Sinds die fatale dag beschouwt O’Barry het als zijn levensdoel het welzijn van dolfijnen te verbeteren. Hij is te zien in de documentaire The Cove (2009). 

Waardering en respect
Er zullen fouten blijven worden gemaakt op filmsets. Of dit nu per ongeluk is of vanuit onachtzaamheid, het mag niet langer onder tafel worden geschoven. Met de huidige technologische mogelijkheden zou het niet meer nodig hoeven zijn om dieren toe te takelen met als enige doel entertainment. Het zou voor zowel kijkers als dierenrechtenactivisten een stuk geruster zijn om te weten dat in de basisbehoeften voor de dieren is voorzien. 

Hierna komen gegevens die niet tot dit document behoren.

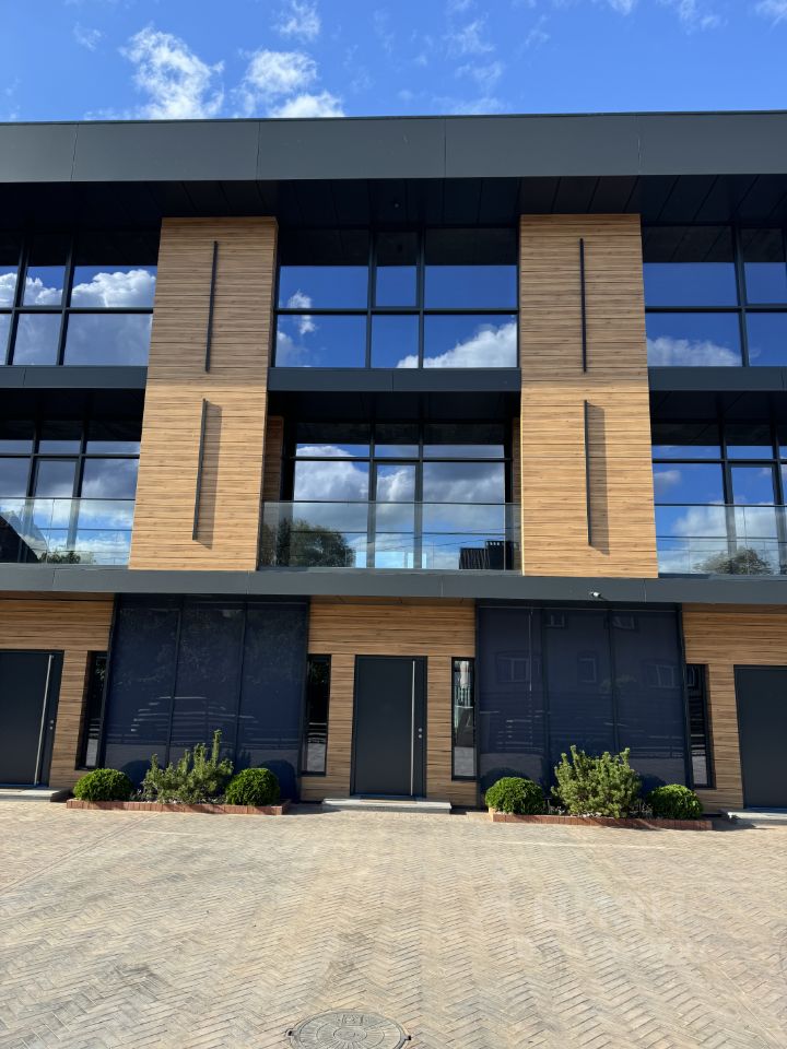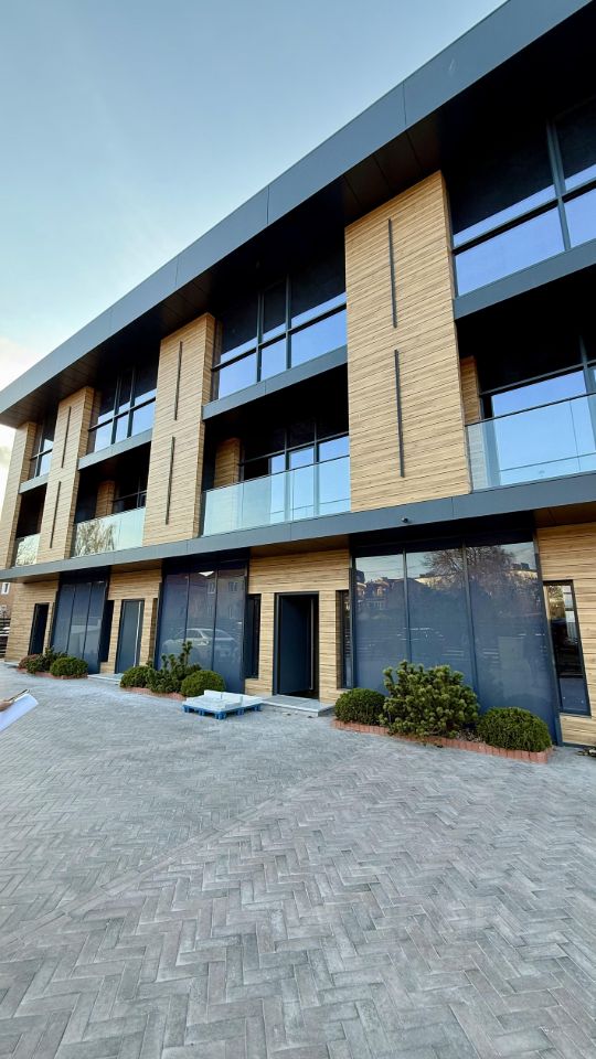 Таунхаус построен по авторскому архитектурному проекту. При строительстве использовались только качественные материалы. Все стены выполнены из тёплого керамического блока толщиной 380 мм, утеплённый фасад облицован HPL панелями, тёплые и надёжные алюминиевые окна, входные двери Hoermann, центральные сети и Интернет, автономное отопление, 15 Квт электроэнергии. Зимний сад с энергосберегающим остеклением.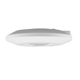 Detector de movimiento por tecnología PIR, destinado a montaje superficial en techo. Presenta un reducido espesor, lo cual lo hace pasar desapercibido una vez instalado.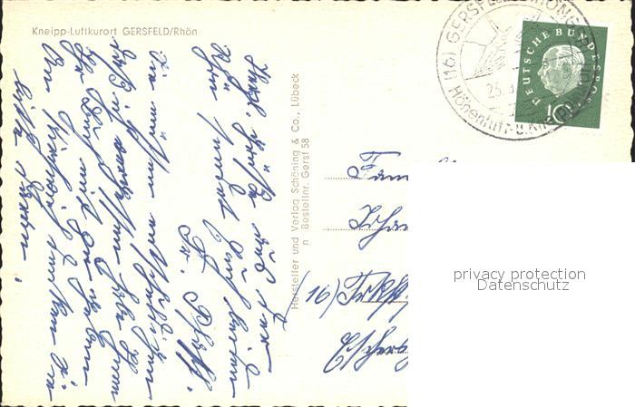 72096958 alte Postkarte Gersfeld Rhoen Panorama Kuranstalt Krankenhaus Marktplatz postalisch gelaufen Erhaltung siehe scans KatCode: 11110006631010

Het komt nu neer op normen en waarden. Het lijkt overbodig te zeggen dat er geen enkel doel is dat de middelen heiligt wanneer dit betekent dat dieren worden toegetakeld en afgemaakt voor vermaak. Het wordt tijd dat dierlijke acteurs worden gewaardeerd en gerespecteerd, zodat we een nieuwe bladzijde kunnen omslaan in het boek van de filmindustrie.